In a lot of ways, nothing had changed. The cheeky-schoolgirl intonation of Miki Berenyi's lead vocals notwithstanding, Lush's sound was one built to grow old gracefully. While some bands rely on the energy of youth, with their reformations having the sadness of athletes taking one last trot round the track post-retirement, Lush were always about removal and transformation. Hearing their first few songs in the show, it became clear in retrospect how much they were an Eighties band at heart: their songwriting and textures were built around echoes of the Bunnymen, the Banshees, The Smiths and most obviously The Cocteau Twins, as well as dozens of more obscure indie janglers – but, crucially, they always drenched their songs in a particular brand of psychedelically layered distortion that took them away from where they'd come from and into a space all their own. And they quickly showed they could still do this.
Starting with “De-Luxe” and “Breeze”, a brace of songs from 1990, they managed to tap into the same sense of transportation as they ever did. The counterpoint vocals of Berenyi and Emma Anderson had the same tension between steeliness and untrained vulnerability as ever, and their skewed pop melodies rang out clear from the swaying sea of guitar noise as they always had, too. There was also the constant strange counterpoint between the otherworldliness of the songs and the distinctly earthy character of Berenyi's between-song chat. She's no longer the confrontational figure she could be during the band's rise, but she still has a knack for no-nonsense humour, as when she followed a line about “hanging out in Camden on a Saturday night, like the last 20 years never happened” with a quip about their guest list now being full of school governors.
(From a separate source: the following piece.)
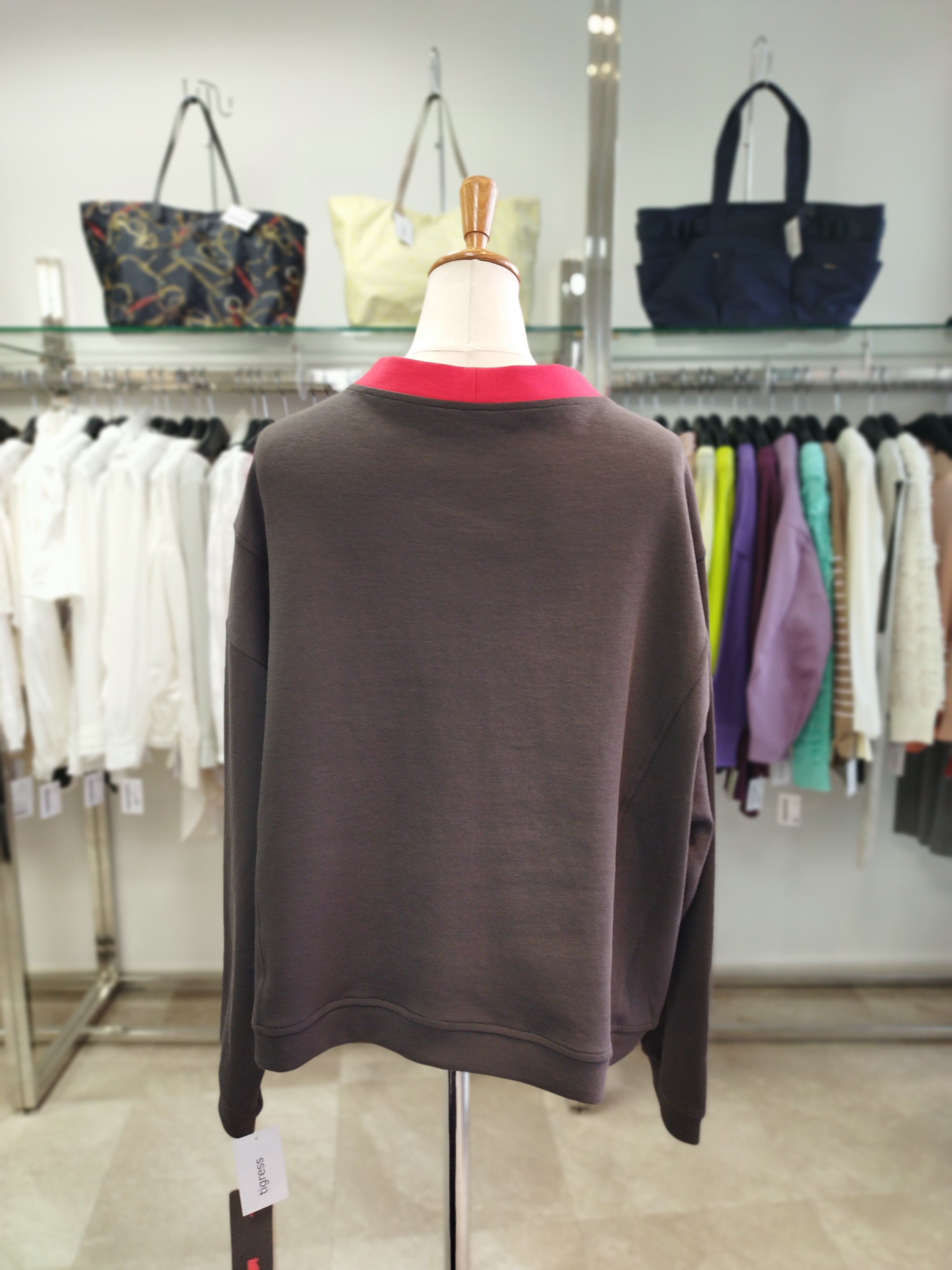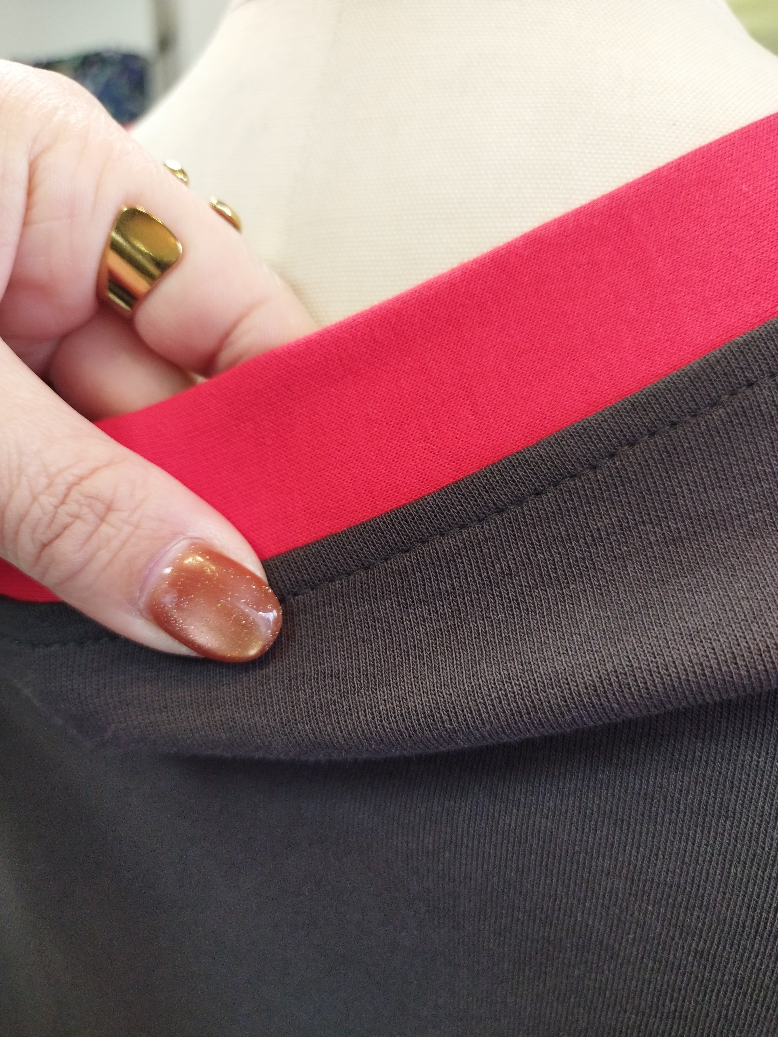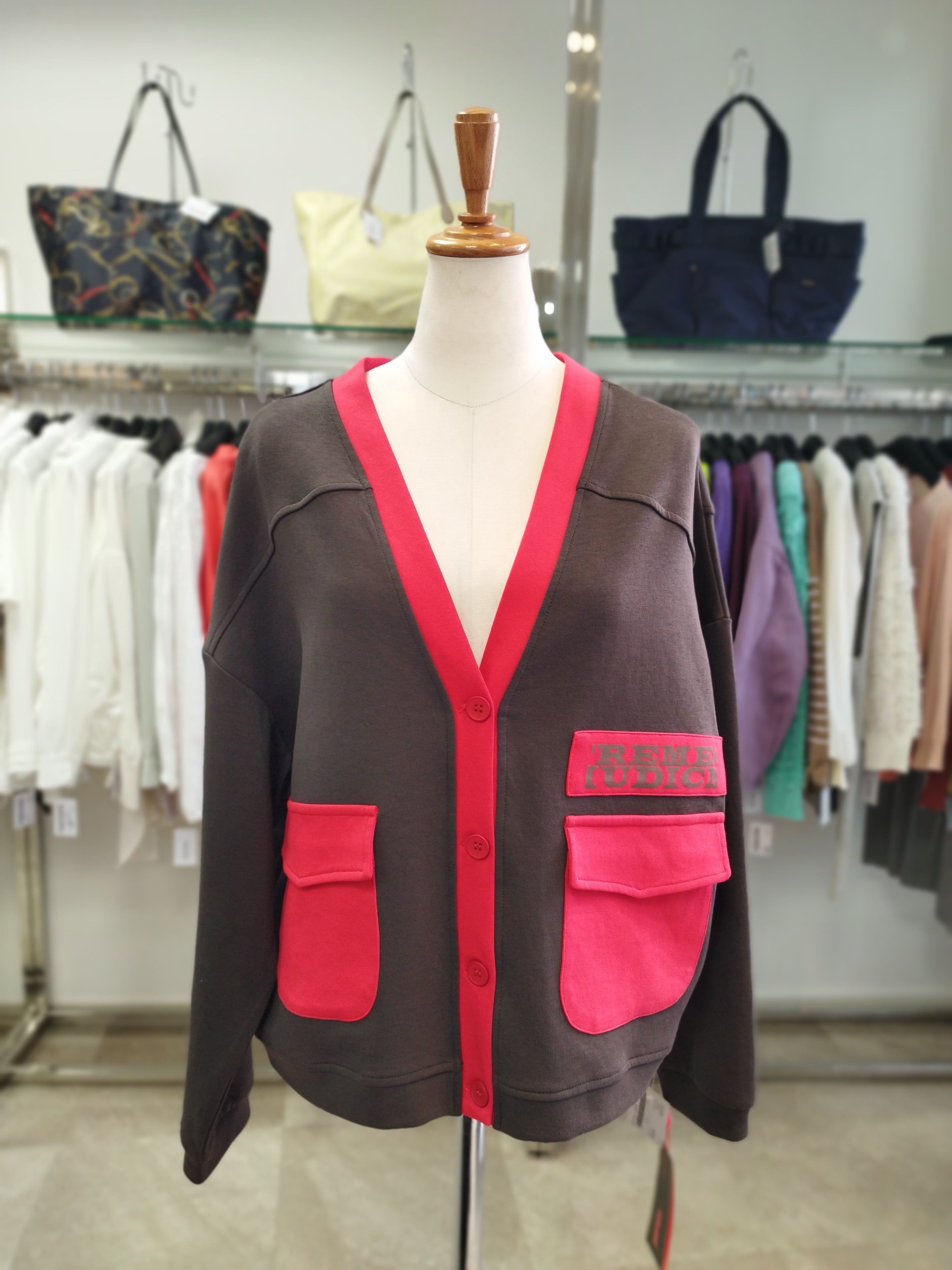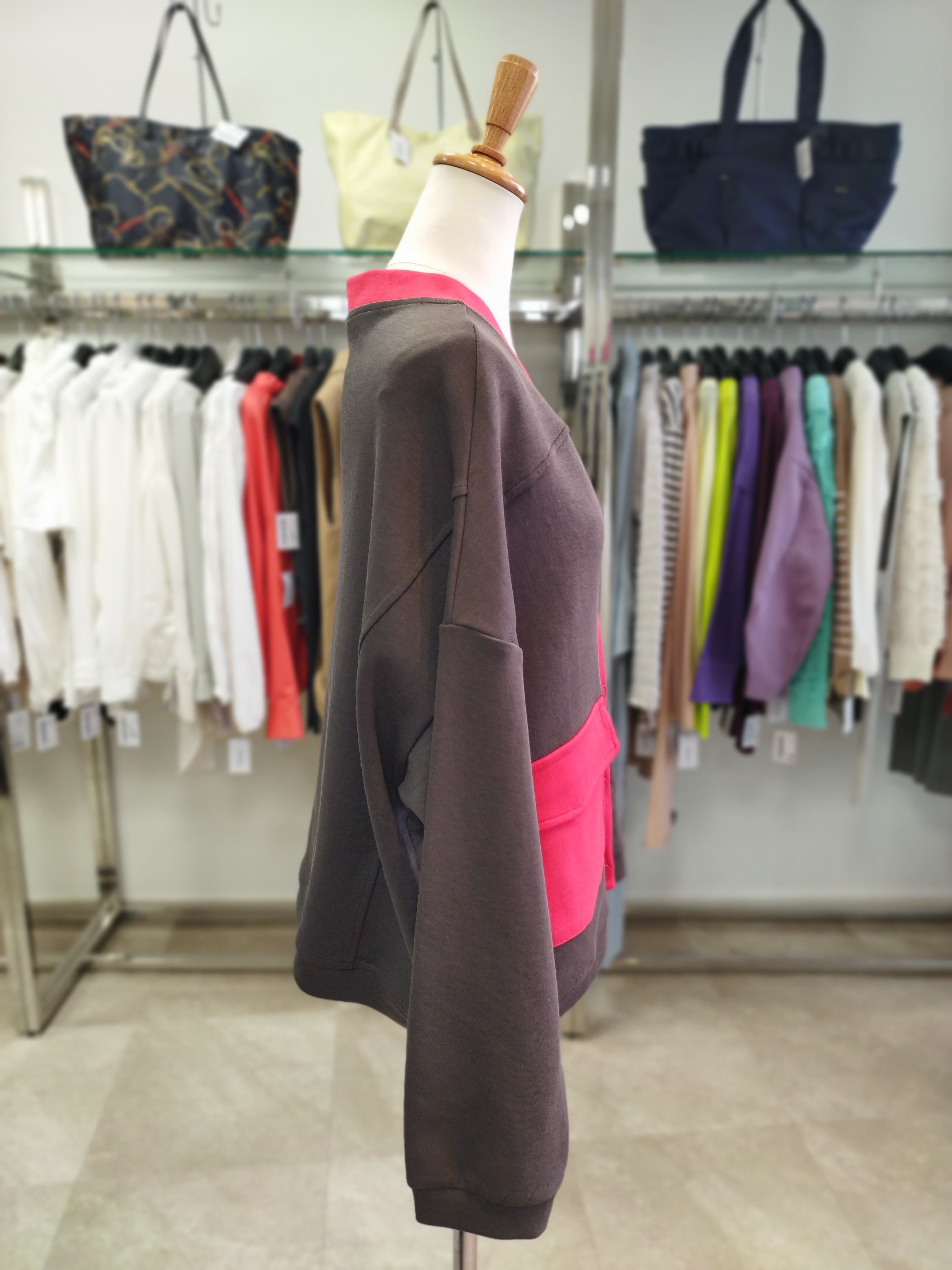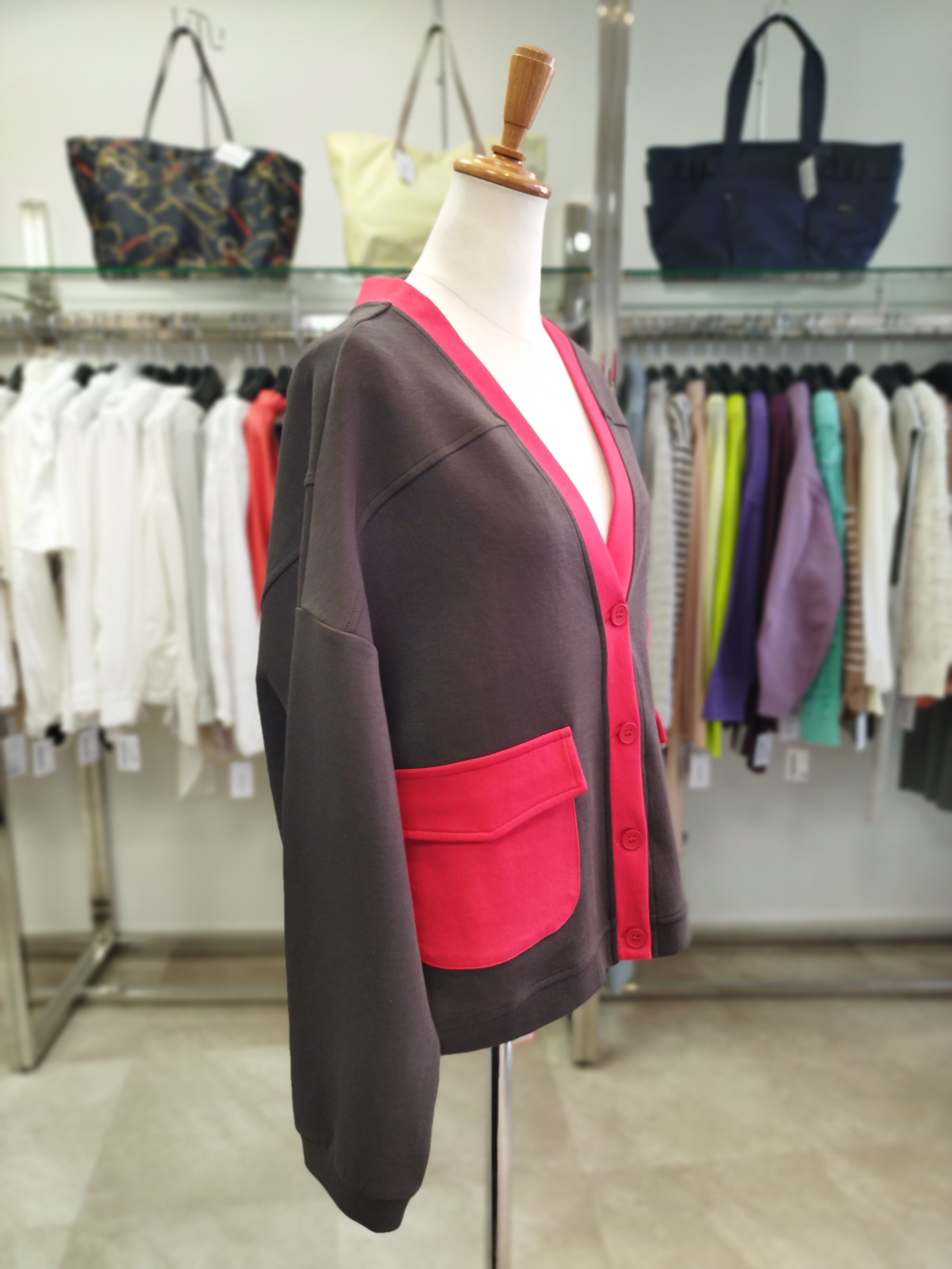 ブラウンと赤のバイカラー 着丈54目安

But now, as before, it's a mark of their strength as a band that Berenyi's tendency to comic bathos couldn't puncture the musical atmosphere. On the punkier, Britpoppier songs like “Lovelife”, the personality of the songwriting and the directness of the delivery held our attention. But even more powerfully the hypnosis of the likes of “Undertow” or an absolutely stunning “Thoughtforms,” from their 1989 debut mini-album Scar, were enough to take me back not to a world of spilled cider and hopeless teen romance, but to the very-grown up dreamworld away from all that which we always went to gigs in the hope of reaching. Even without the deafening volume and sea of bodies of those early experiences, Lush's music can still do that in its own right.
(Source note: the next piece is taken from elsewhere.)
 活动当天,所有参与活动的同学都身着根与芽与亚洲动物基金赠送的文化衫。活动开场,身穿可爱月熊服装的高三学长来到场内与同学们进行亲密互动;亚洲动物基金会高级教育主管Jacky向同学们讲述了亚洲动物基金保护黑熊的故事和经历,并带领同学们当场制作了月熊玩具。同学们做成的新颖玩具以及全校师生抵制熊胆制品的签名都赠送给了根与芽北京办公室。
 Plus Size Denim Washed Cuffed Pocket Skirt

There was a touching, simple tribute near the end of the set to drummer Chris Ackland, whose death in 1996 precipitated the band's split, before a greatly intensified version of “For Love”, followed in turn by new song “Out of Control”, its swaying waltz managing to sound entirely in place in the set. In an hour set and two encores, there were very few lapses in focus at all, in fact. A band coming back after so long can't rely purely on the affection of a crowd to carry them: often audiences will turn out just to see a museum piece, or to say that they were there, so the band will still need to prove themselves. But looking at the audience around me, I could see people mainly reacting not to their memories or expectations, but to the sound being generated in front of them, and it was a delight to know that Lush can still do that.